*PROMPT:* Strip the pictures and reproduce the rest of the listing exactly.

*DATASET CONTENT:*
§ §

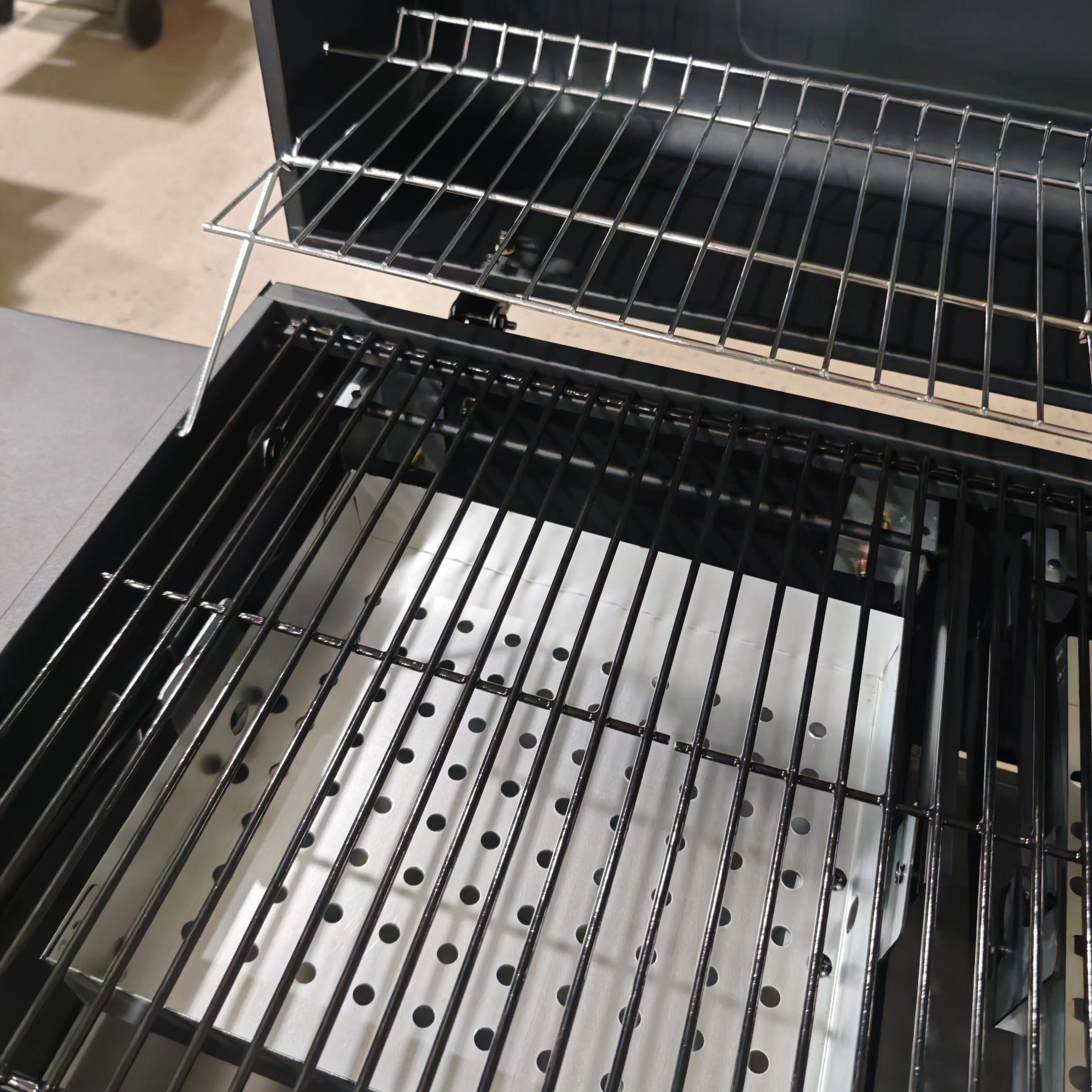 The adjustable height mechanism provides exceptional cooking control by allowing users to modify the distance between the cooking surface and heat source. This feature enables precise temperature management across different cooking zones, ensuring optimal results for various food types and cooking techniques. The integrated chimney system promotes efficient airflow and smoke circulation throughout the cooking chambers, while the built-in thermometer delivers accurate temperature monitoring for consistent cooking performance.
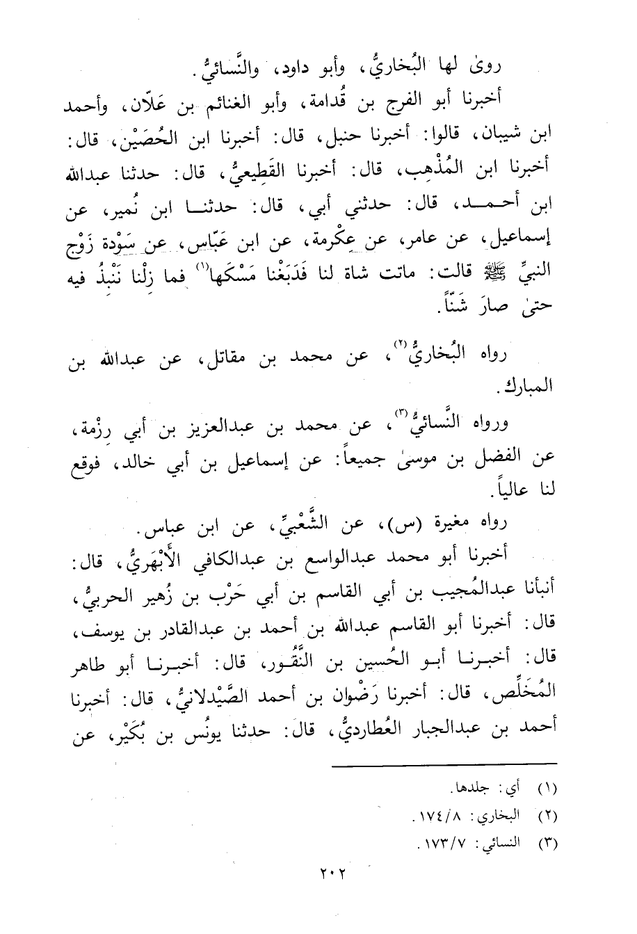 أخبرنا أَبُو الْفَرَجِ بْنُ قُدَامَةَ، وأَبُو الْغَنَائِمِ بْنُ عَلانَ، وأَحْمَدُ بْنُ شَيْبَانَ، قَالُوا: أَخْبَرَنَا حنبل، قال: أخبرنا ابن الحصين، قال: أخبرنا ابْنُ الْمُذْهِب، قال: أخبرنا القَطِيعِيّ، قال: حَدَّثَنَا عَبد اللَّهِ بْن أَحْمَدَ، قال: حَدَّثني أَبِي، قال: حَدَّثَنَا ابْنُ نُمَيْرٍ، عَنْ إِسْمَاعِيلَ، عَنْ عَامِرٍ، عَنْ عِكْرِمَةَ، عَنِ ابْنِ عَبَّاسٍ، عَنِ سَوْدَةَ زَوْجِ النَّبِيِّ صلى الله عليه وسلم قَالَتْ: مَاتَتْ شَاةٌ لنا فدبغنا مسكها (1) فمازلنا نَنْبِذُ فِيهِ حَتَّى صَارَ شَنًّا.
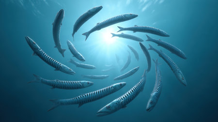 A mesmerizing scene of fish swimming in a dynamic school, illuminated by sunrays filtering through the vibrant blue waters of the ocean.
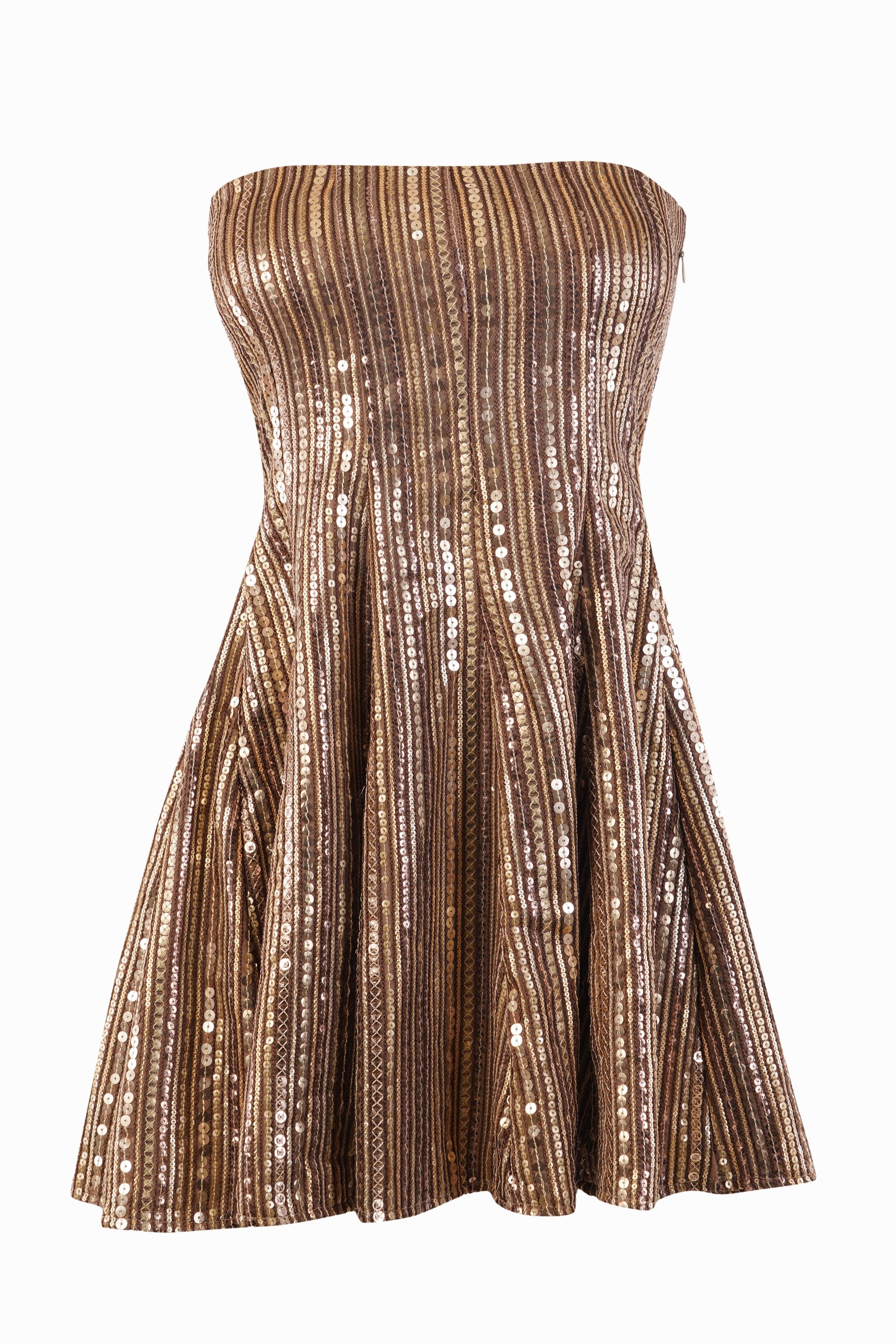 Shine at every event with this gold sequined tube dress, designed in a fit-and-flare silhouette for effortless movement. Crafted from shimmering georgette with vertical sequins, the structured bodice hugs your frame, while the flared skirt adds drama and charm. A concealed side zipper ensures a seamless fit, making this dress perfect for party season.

§ §

*SOLVED PROBLEM:*
 The adjustable height mechanism provides exceptional cooking control by allowing users to modify the distance between the cooking surface and heat source. This feature enables precise temperature management across different cooking zones, ensuring optimal results for various food types and cooking techniques. The integrated chimney system promotes efficient airflow and smoke circulation throughout the cooking chambers, while the built-in thermometer delivers accurate temperature monitoring for consistent cooking performance.
 أخبرنا أَبُو الْفَرَجِ بْنُ قُدَامَةَ، وأَبُو الْغَنَائِمِ بْنُ عَلانَ، وأَحْمَدُ بْنُ شَيْبَانَ، قَالُوا: أَخْبَرَنَا حنبل، قال: أخبرنا ابن الحصين، قال: أخبرنا ابْنُ الْمُذْهِب، قال: أخبرنا القَطِيعِيّ، قال: حَدَّثَنَا عَبد اللَّهِ بْن أَحْمَدَ، قال: حَدَّثني أَبِي، قال: حَدَّثَنَا ابْنُ نُمَيْرٍ، عَنْ إِسْمَاعِيلَ، عَنْ عَامِرٍ، عَنْ عِكْرِمَةَ، عَنِ ابْنِ عَبَّاسٍ، عَنِ سَوْدَةَ زَوْجِ النَّبِيِّ صلى الله عليه وسلم قَالَتْ: مَاتَتْ شَاةٌ لنا فدبغنا مسكها (1) فمازلنا نَنْبِذُ فِيهِ حَتَّى صَارَ شَنًّا.
 A mesmerizing scene of fish swimming in a dynamic school, illuminated by sunrays filtering through the vibrant blue waters of the ocean.
 Shine at every event with this gold sequined tube dress, designed in a fit-and-flare silhouette for effortless movement. Crafted from shimmering georgette with vertical sequins, the structured bodice hugs your frame, while the flared skirt adds drama and charm. A concealed side zipper ensures a seamless fit, making this dress perfect for party season.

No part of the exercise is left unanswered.